Two ideas are worth holding onto. The first is that friction is a tool, not a failure. Some of it protects nothing and should go, the records fee, the access barrier, the half-day in the waiting room. But some of it is load-bearing, the clinician who reviews the summary, the boundary that stops data being silently pooled, the limit on the inference layer, the deliberate non-interoperability that means a system cannot easily be turned against the people it serves. From the outside, the two kinds look identical, which is how a culture optimising for speed and a smoother user experience ends up removing both at once. Telling them apart, and choosing on purpose which to keep, is the whole task.

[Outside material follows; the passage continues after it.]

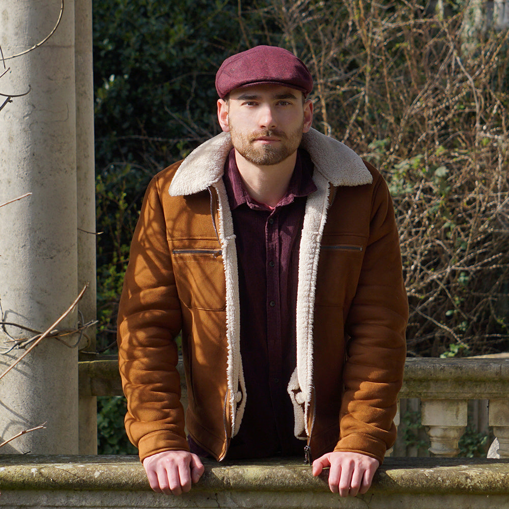 Aquí está el gorra plana Hillcrest diseño de espiga de Jaxon & James en color rojo burdeos-negro. En el interior cuenta con un forro de satén y una cinta para mayor comodidad. La parte frontal de la gorra está asegurada al borde con un único botón de presión. Esta clásica gorra plana de espiga salpicada está acabada con una insignia de Jaxon & James en el lateral.

The second is that the stakes run past the individual, and past the dramatic end of the spectrum. It is tempting to think the real risk lives only with brain implants and battlefield neurotech, while the friendly scribe and the preventative-health service are harmless by comparison. In most software, removing friction carelessly costs you a lost file. In medicine and neurotechnology, the same carelessness can cost far more. That is the reason to be deliberate now, while these technologies are still being shaped. We will never build perfect systems, but if we keep the friction that protects what we care about, we may at least solve our problems at the velocity we create them. That is not an argument for going slower. It is an argument for going fast without leaving the important things behind.